* **Assigned task**
The expected answer is a verbatim transcription of the lines below, beginning with the first and ending with the line that holds "LED-Glasbild mit austauschbarem", without pictures.

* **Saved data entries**

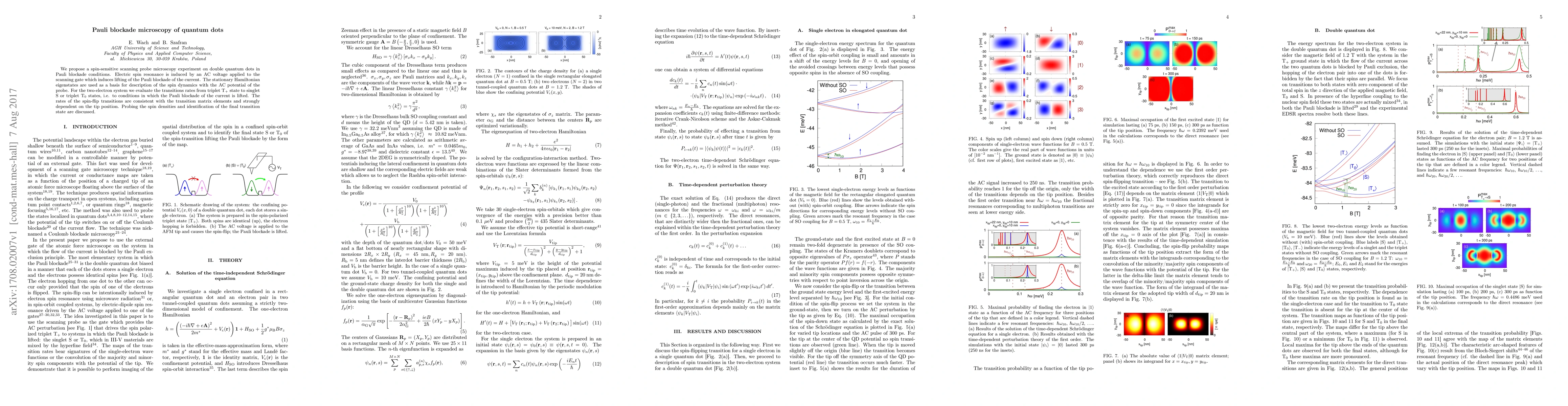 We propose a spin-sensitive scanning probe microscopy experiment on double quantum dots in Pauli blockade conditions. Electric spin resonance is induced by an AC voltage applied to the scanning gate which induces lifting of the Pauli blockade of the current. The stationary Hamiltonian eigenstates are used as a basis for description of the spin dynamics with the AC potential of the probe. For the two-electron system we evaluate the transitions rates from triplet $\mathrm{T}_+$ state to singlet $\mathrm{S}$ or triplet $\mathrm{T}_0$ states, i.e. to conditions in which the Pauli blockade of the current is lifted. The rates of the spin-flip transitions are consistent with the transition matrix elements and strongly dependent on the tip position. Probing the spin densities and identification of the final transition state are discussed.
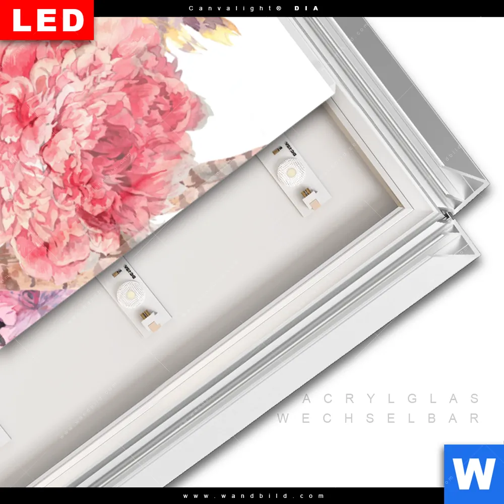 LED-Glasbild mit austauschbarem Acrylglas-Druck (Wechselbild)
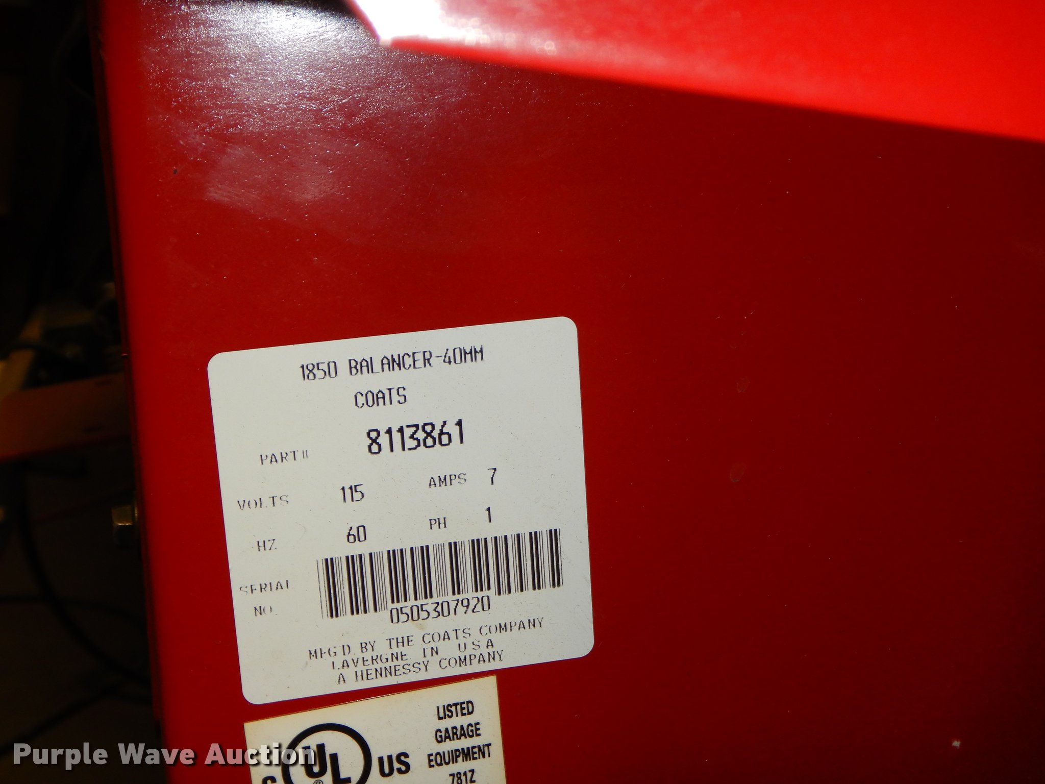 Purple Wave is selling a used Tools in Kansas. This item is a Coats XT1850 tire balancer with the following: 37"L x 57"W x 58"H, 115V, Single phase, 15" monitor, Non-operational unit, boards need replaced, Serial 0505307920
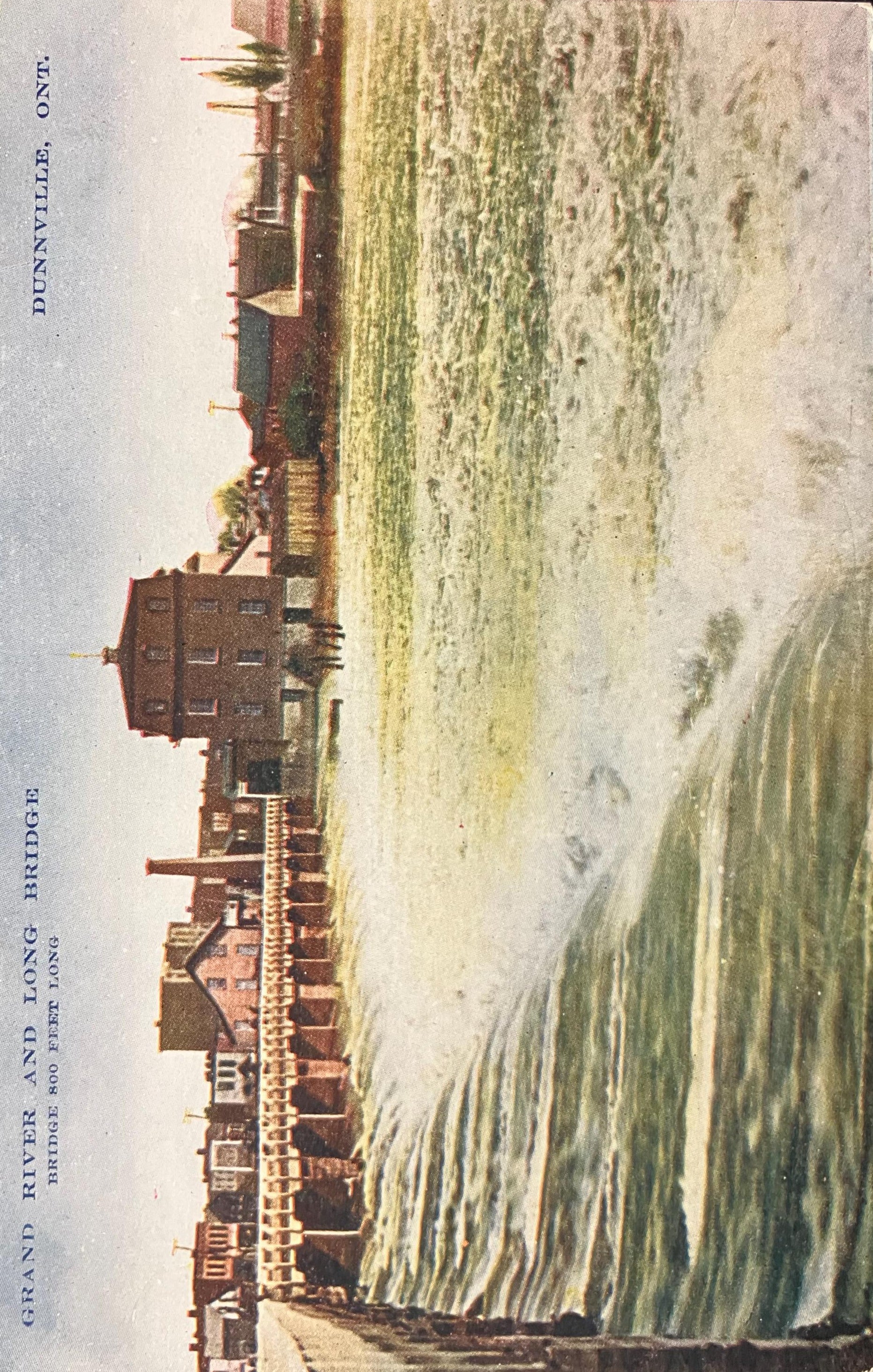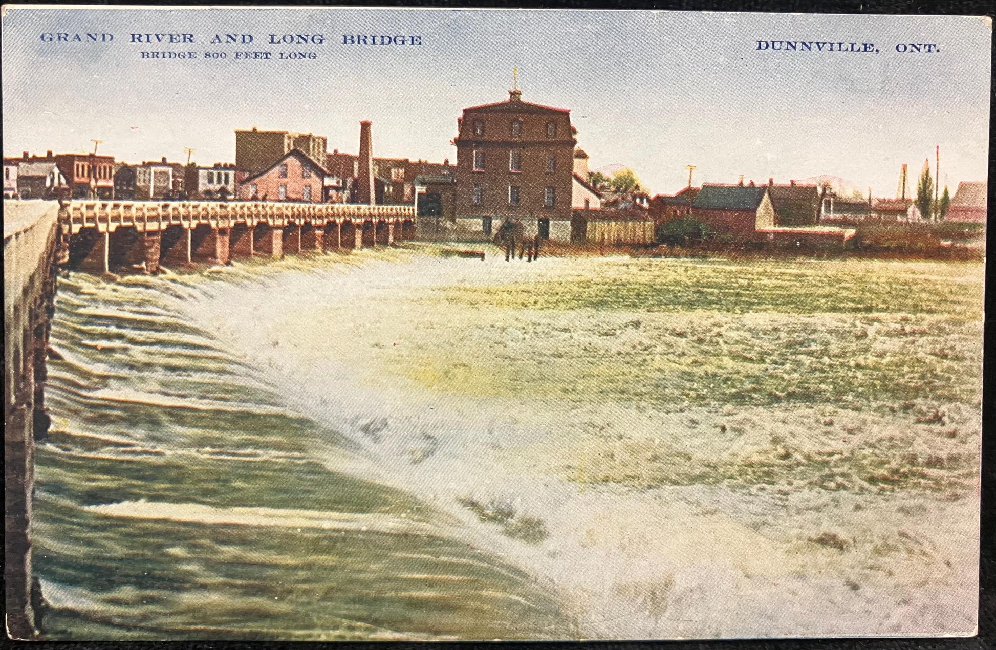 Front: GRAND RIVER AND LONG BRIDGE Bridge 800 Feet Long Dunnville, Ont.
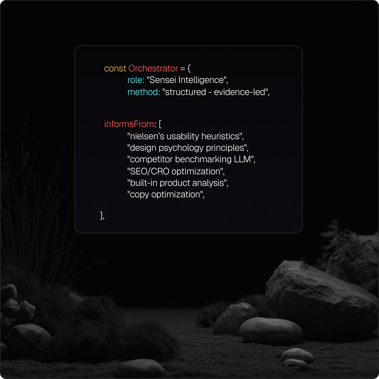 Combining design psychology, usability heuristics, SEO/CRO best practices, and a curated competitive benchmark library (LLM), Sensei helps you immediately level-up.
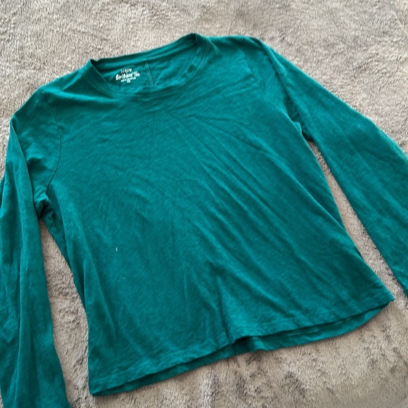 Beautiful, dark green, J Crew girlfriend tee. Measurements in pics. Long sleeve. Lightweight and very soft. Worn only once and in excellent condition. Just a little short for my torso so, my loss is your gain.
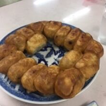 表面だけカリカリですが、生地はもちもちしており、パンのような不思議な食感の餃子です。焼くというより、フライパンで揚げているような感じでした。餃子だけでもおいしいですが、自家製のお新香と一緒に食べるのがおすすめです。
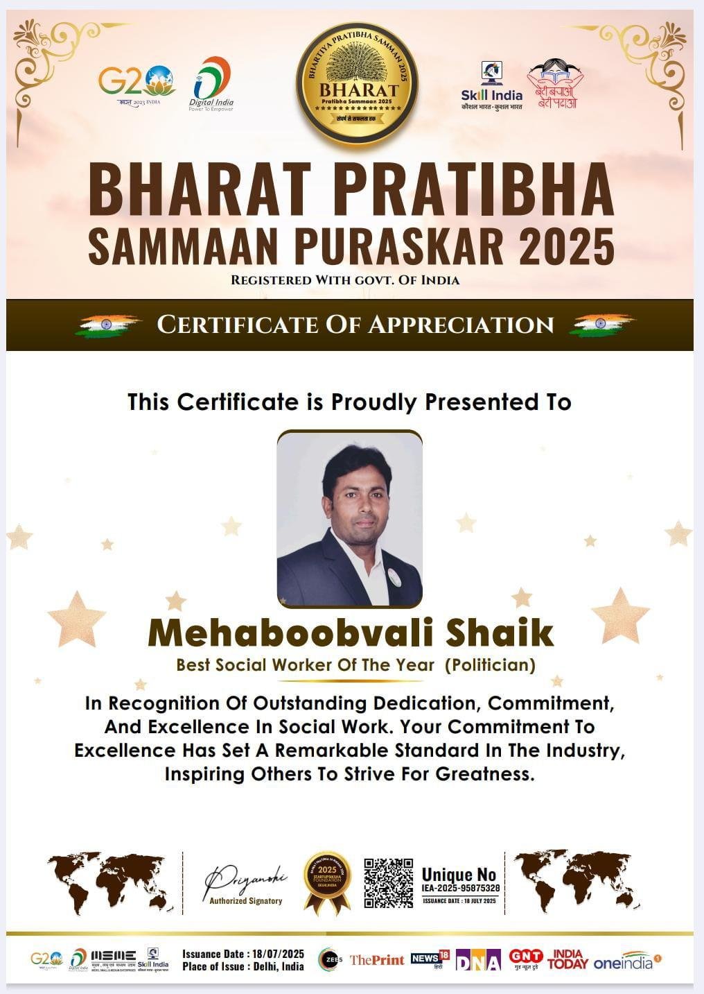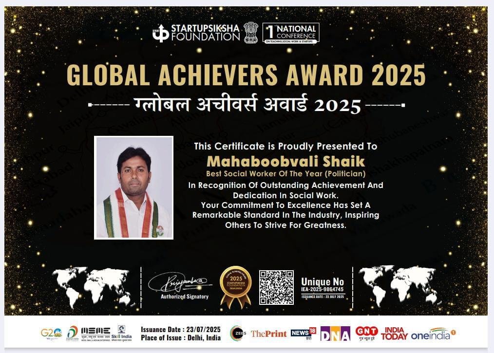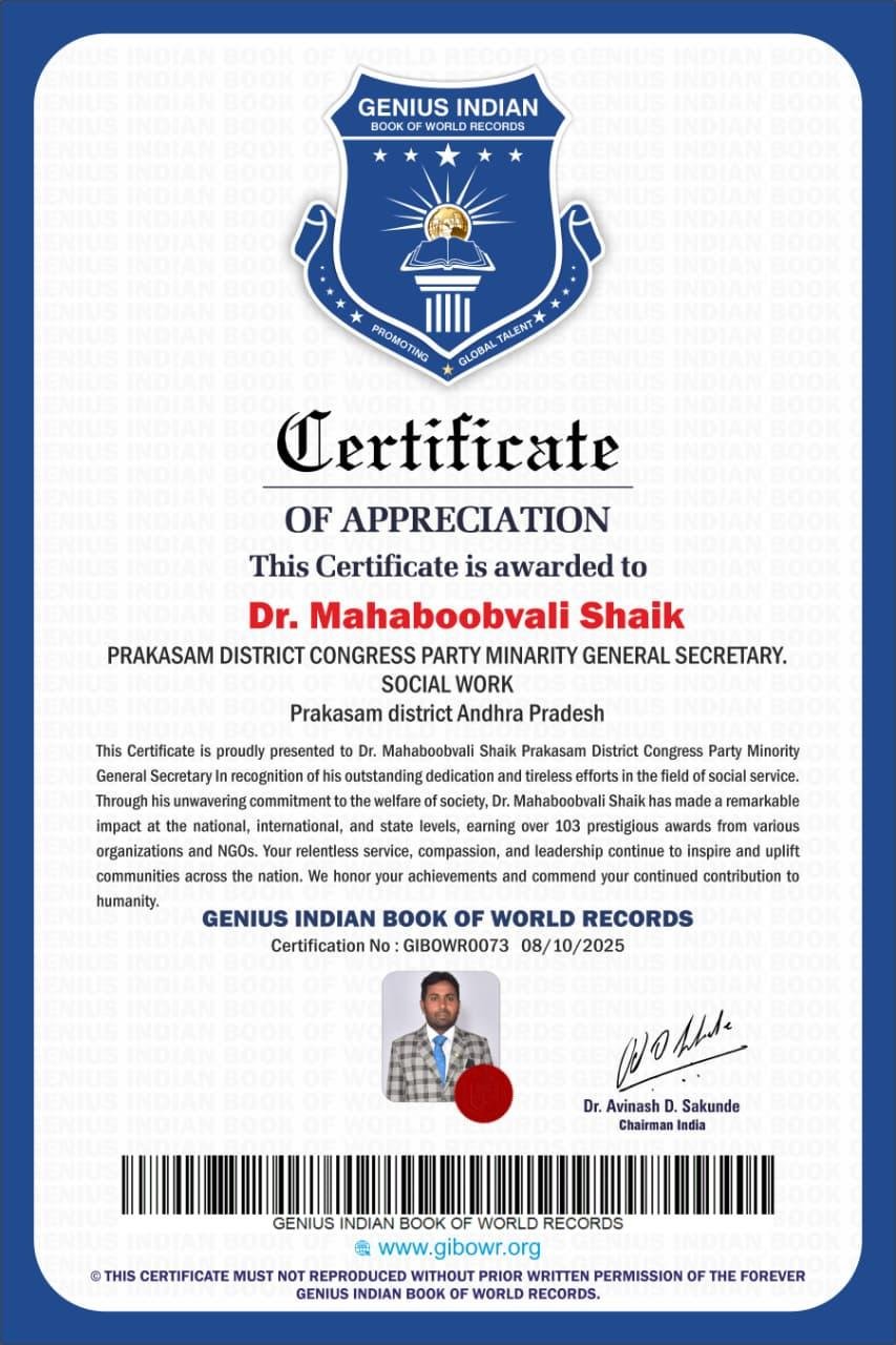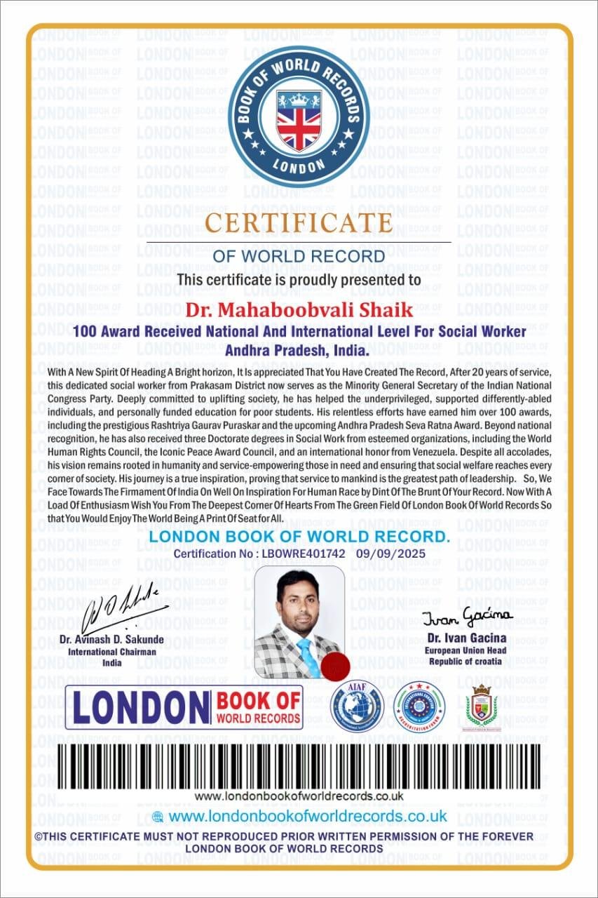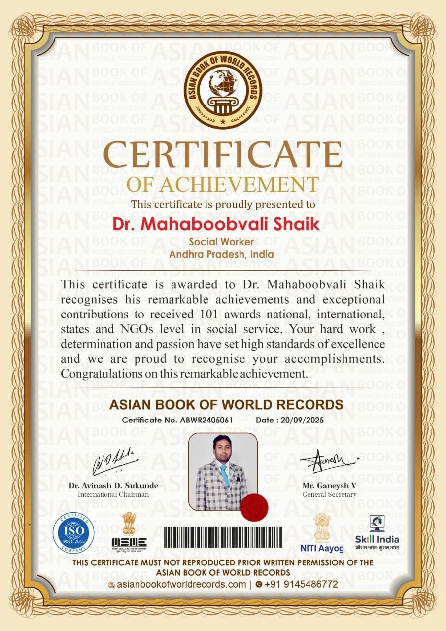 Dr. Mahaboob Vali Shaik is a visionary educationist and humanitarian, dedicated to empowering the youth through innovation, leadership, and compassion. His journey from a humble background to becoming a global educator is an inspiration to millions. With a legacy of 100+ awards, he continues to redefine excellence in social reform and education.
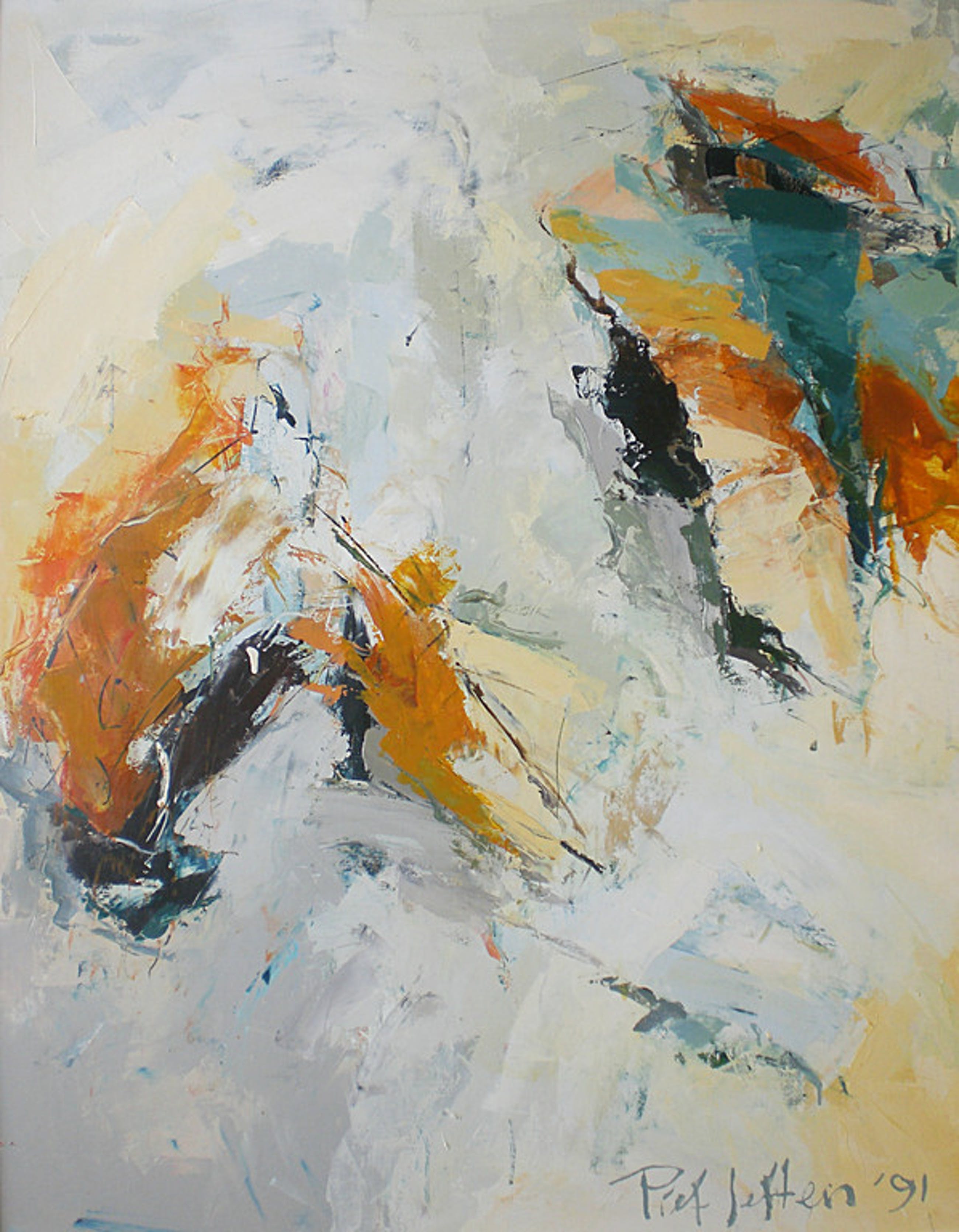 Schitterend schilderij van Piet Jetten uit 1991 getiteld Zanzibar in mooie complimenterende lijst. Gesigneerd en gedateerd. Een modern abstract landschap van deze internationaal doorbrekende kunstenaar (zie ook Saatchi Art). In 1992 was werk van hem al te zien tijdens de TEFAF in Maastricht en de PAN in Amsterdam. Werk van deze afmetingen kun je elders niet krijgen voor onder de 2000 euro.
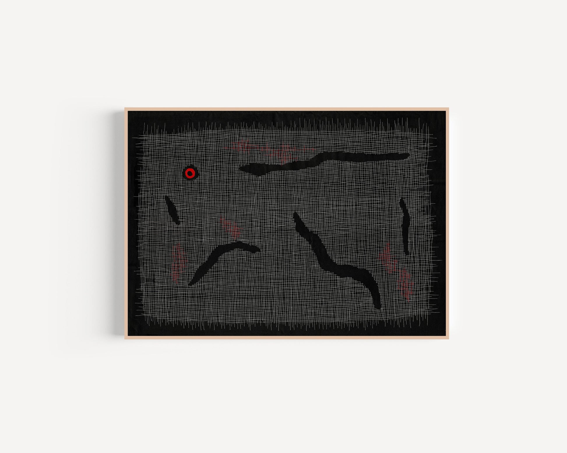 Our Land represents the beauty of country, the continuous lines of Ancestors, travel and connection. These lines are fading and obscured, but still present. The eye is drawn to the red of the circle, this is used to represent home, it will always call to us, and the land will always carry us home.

* **Reply to the task**
 We propose a spin-sensitive scanning probe microscopy experiment on double quantum dots in Pauli blockade conditions. Electric spin resonance is induced by an AC voltage applied to the scanning gate which induces lifting of the Pauli blockade of the current. The stationary Hamiltonian eigenstates are used as a basis for description of the spin dynamics with the AC potential of the probe. For the two-electron system we evaluate the transitions rates from triplet $\mathrm{T}_+$ state to singlet $\mathrm{S}$ or triplet $\mathrm{T}_0$ states, i.e. to conditions in which the Pauli blockade of the current is lifted. The rates of the spin-flip transitions are consistent with the transition matrix elements and strongly dependent on the tip position. Probing the spin densities and identification of the final transition state are discussed.
 LED-Glasbild mit austauschbarem Acrylglas-Druck (Wechselbild)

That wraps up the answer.